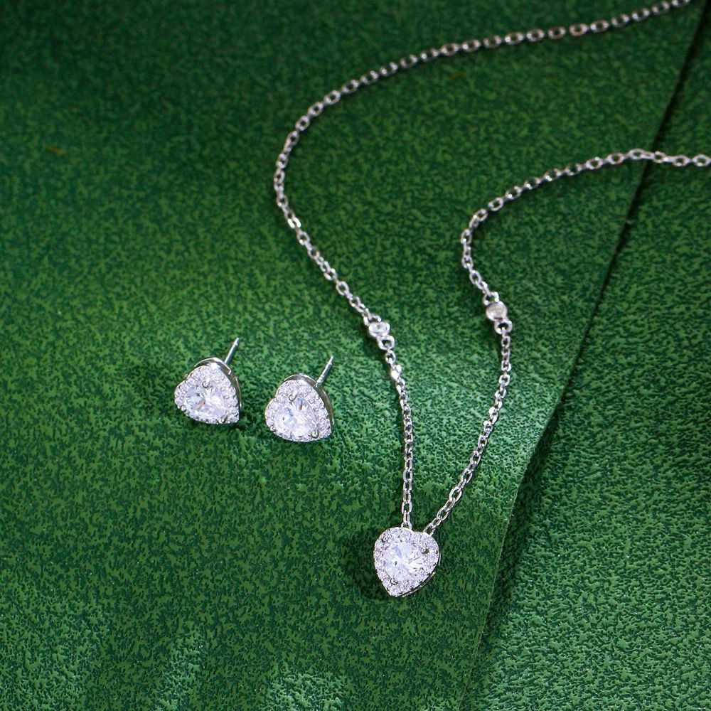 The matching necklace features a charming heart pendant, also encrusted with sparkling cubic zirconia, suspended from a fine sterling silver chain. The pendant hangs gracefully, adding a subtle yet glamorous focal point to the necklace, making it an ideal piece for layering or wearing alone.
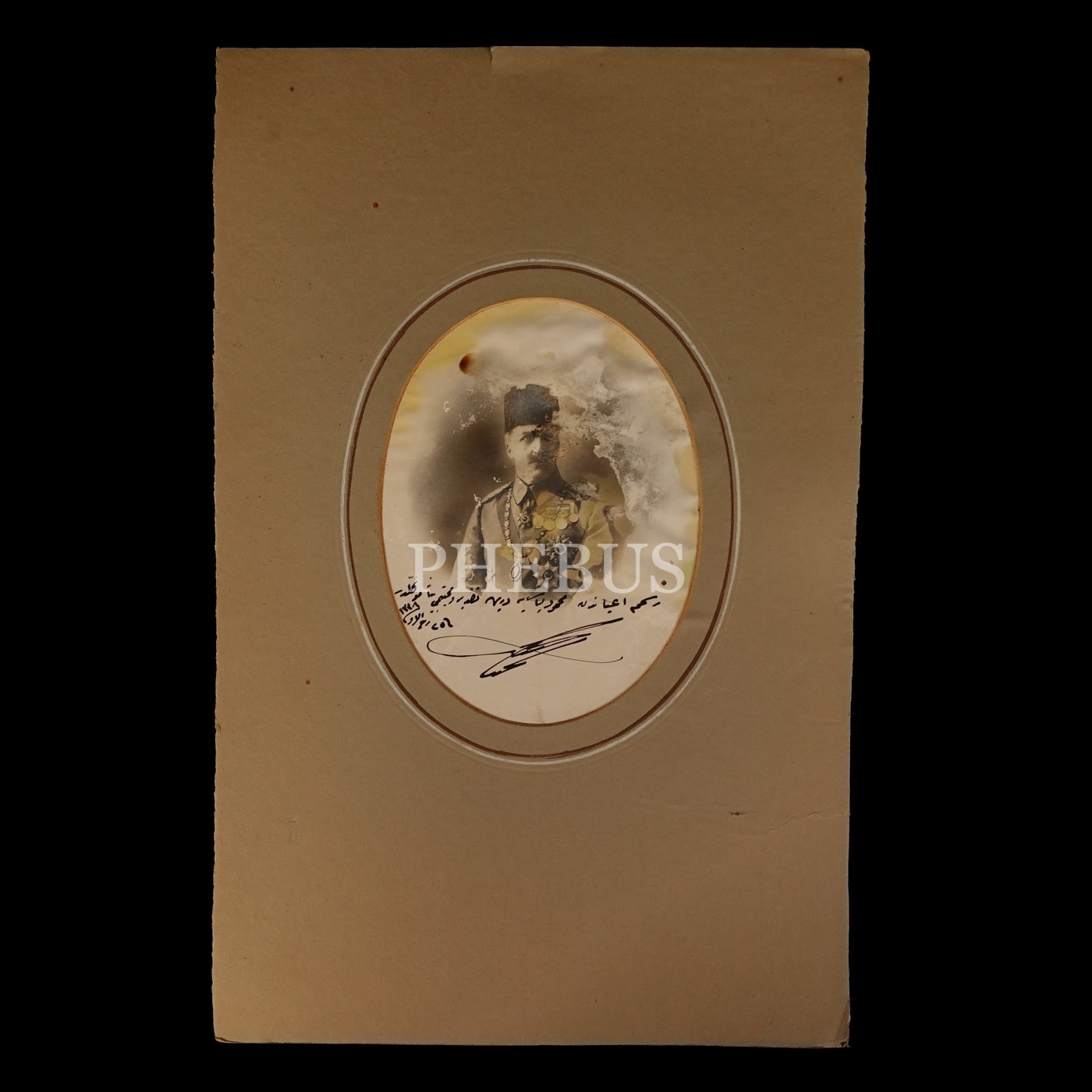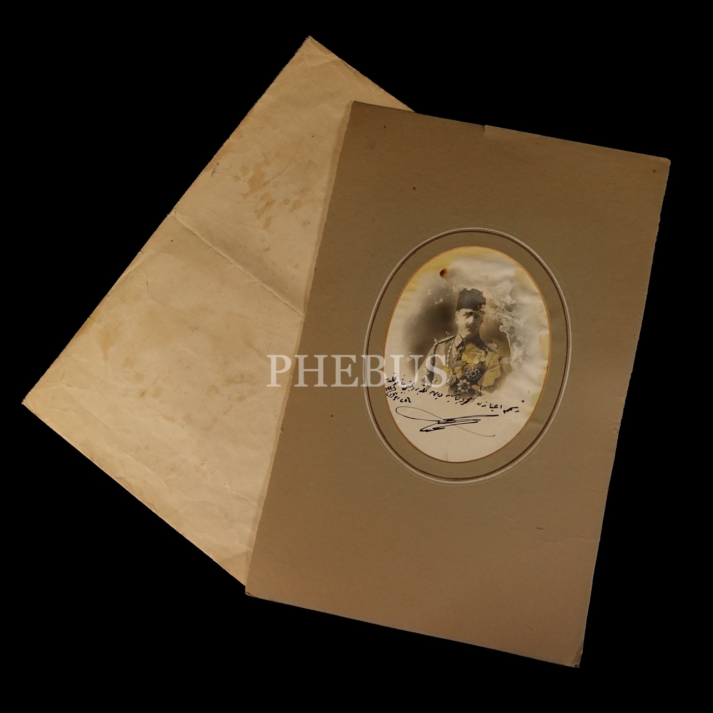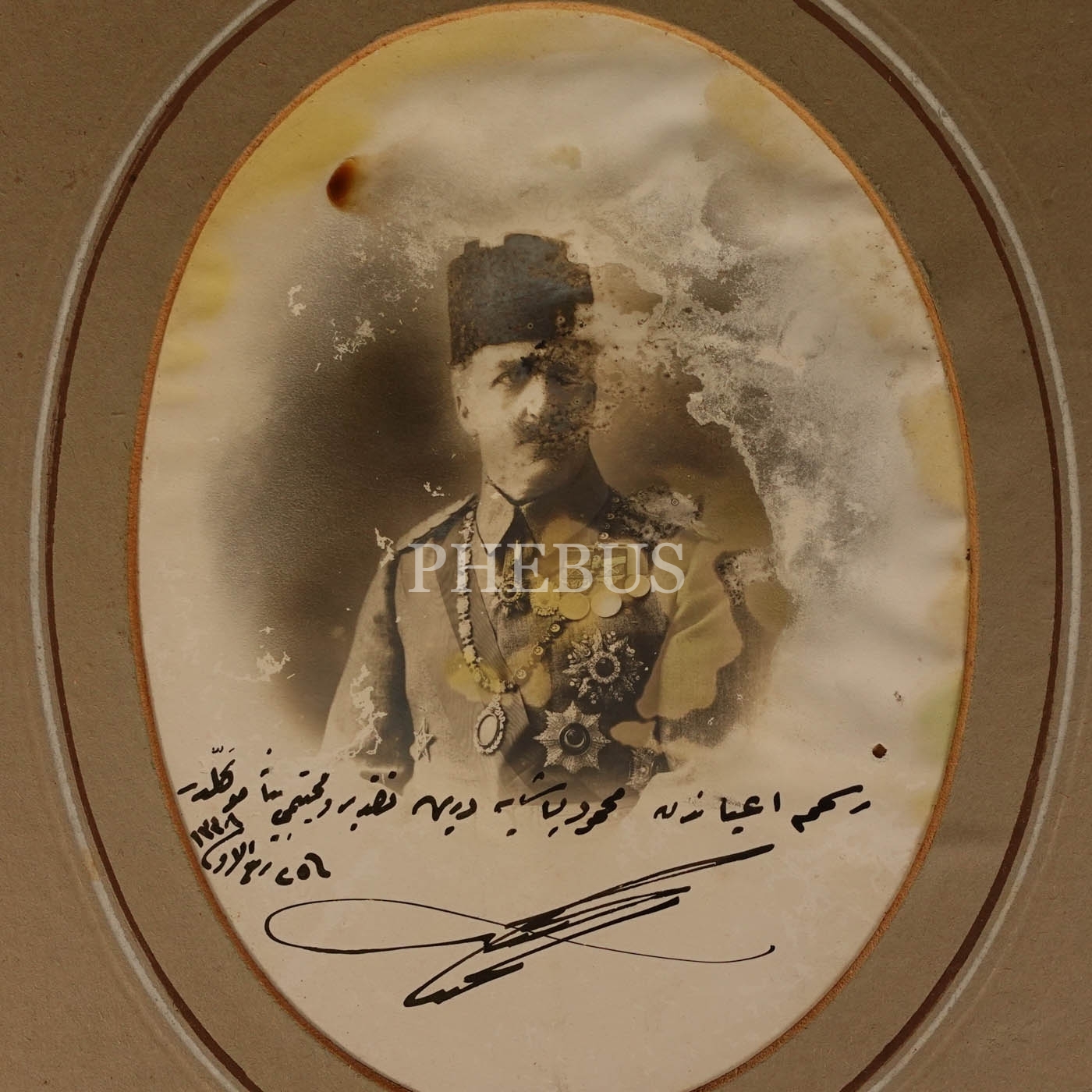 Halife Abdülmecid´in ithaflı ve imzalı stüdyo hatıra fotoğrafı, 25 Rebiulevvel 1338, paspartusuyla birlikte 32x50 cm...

==

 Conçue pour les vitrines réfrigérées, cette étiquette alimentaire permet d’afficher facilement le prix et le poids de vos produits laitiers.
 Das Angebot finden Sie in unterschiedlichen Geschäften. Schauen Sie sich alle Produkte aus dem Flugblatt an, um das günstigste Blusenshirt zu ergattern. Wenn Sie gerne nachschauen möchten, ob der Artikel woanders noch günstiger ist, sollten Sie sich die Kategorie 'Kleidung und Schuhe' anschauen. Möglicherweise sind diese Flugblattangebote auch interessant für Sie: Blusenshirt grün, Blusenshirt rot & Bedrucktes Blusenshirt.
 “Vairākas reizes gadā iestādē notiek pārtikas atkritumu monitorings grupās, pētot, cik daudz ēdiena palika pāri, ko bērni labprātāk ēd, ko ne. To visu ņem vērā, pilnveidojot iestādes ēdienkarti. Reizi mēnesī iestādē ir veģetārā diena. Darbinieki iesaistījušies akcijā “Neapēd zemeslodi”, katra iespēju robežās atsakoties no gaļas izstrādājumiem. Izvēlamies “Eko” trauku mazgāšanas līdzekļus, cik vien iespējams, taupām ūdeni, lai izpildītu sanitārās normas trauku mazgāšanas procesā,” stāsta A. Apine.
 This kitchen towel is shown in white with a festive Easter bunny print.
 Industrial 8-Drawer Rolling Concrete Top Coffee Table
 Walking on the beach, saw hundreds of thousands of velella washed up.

==

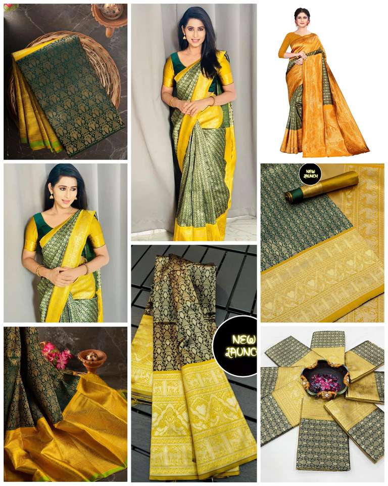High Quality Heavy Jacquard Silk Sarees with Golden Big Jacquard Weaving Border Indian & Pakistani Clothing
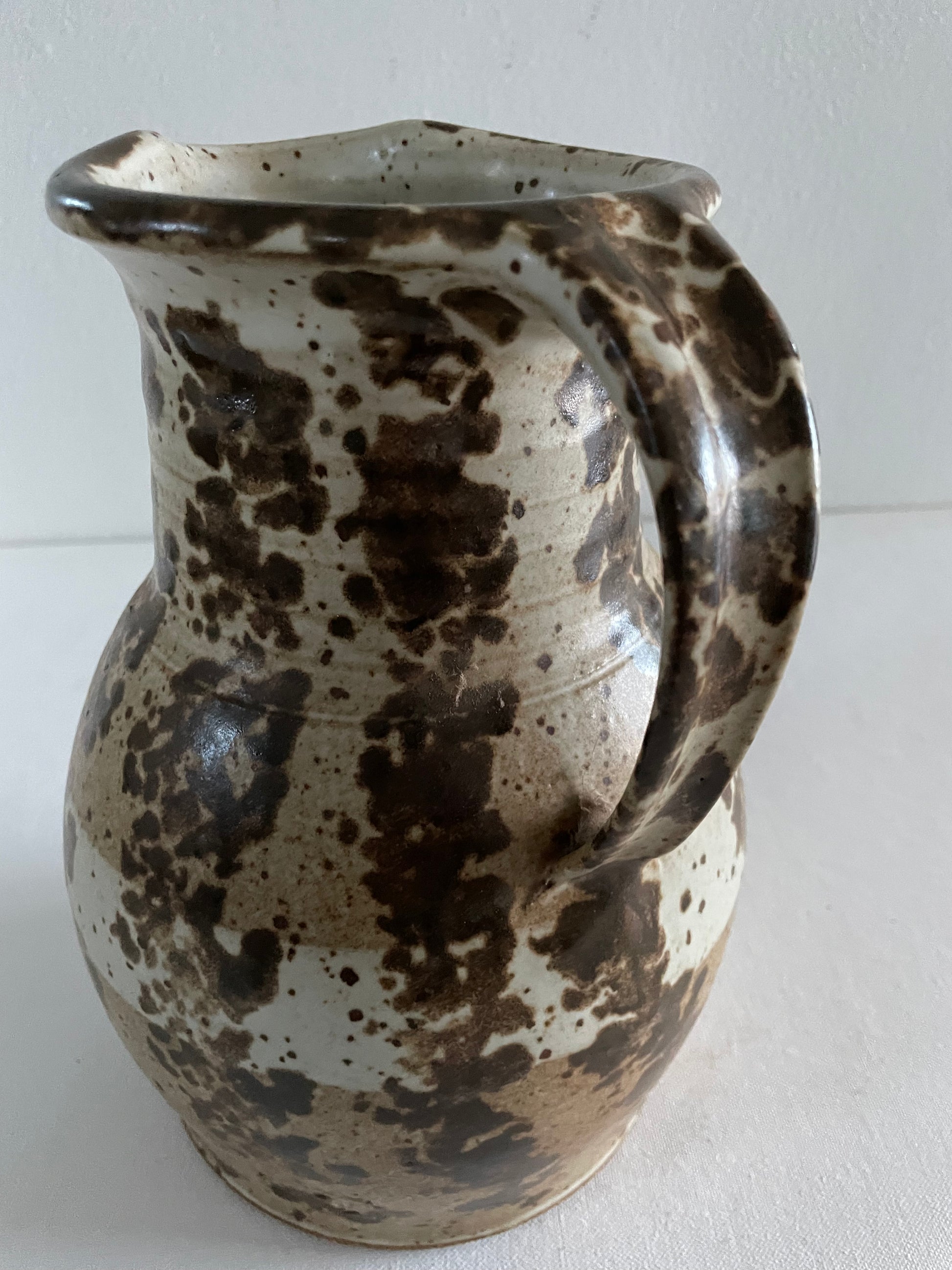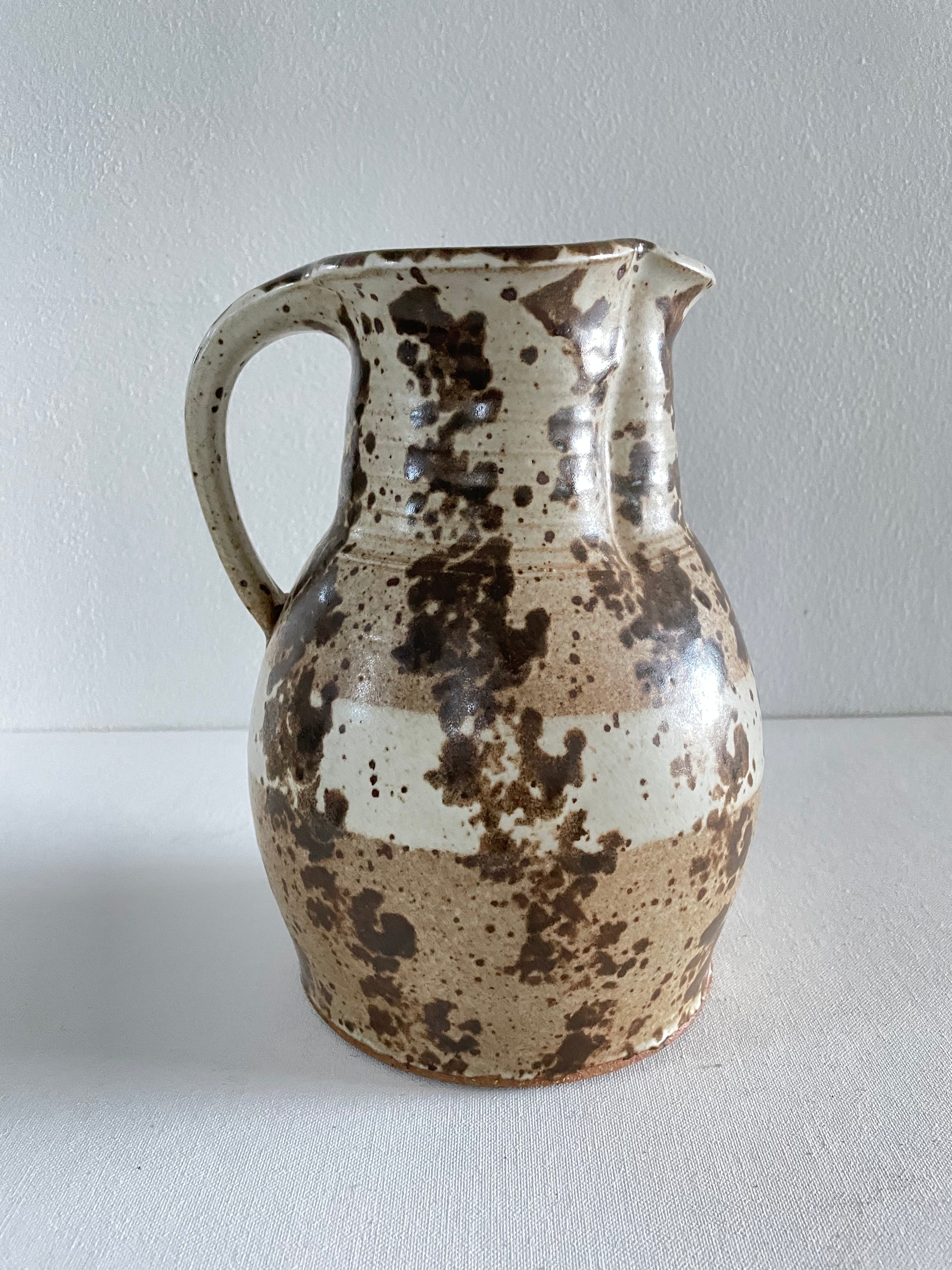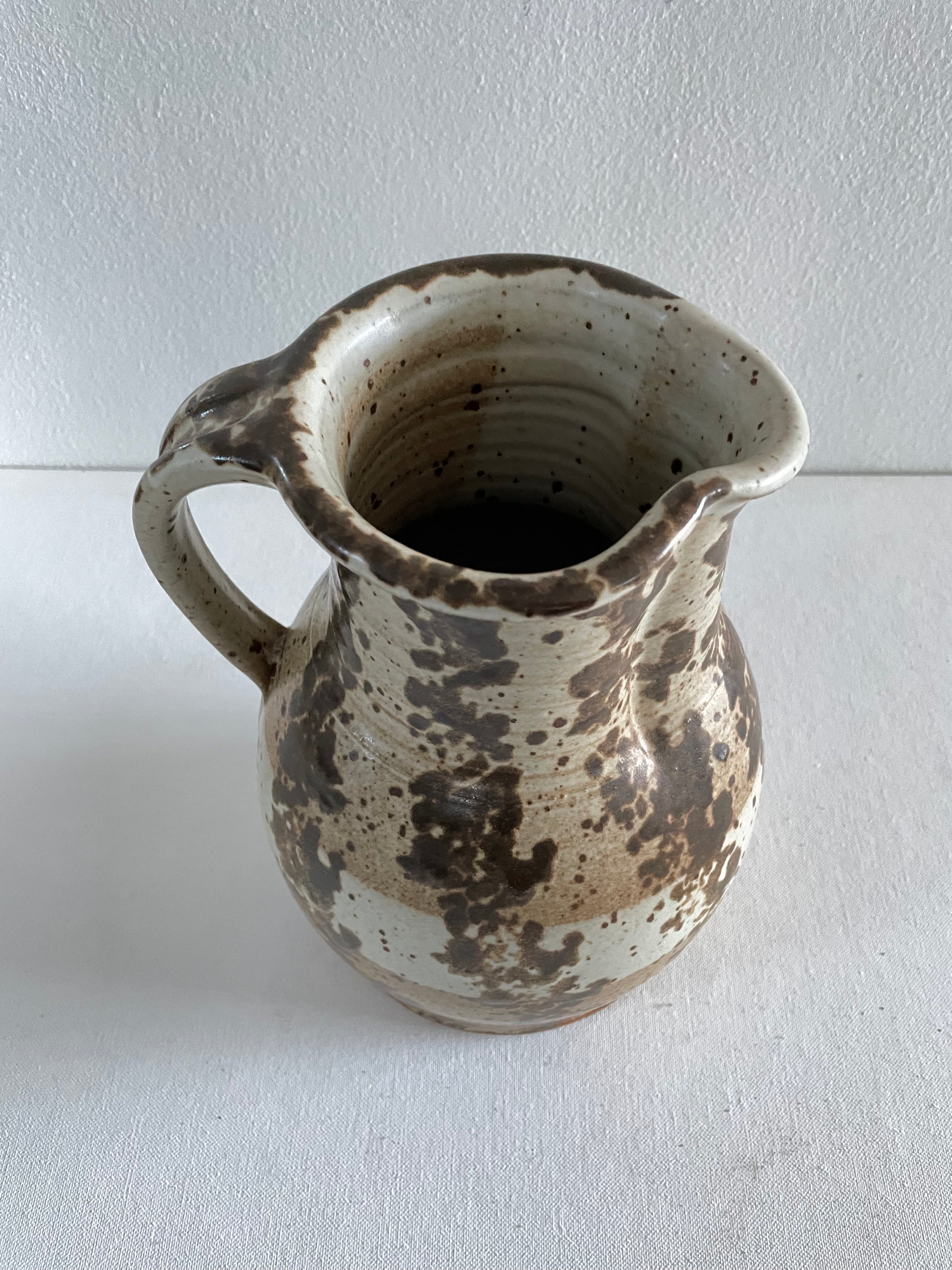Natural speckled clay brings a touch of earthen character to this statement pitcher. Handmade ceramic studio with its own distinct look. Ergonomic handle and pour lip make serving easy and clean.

## YOUR GOAL
What belongs in the answer is each line above from the line with "High Quality Heavy" to the line with "Natural speckled clay", inclusive, reproduced exactly and free of pictures.

## REPLY
High Quality Heavy Jacquard Silk Sarees with Golden Big Jacquard Weaving Border Indian & Pakistani Clothing
Natural speckled clay brings a touch of earthen character to this statement pitcher. Handmade ceramic studio with its own distinct look. Ergonomic handle and pour lip make serving easy and clean.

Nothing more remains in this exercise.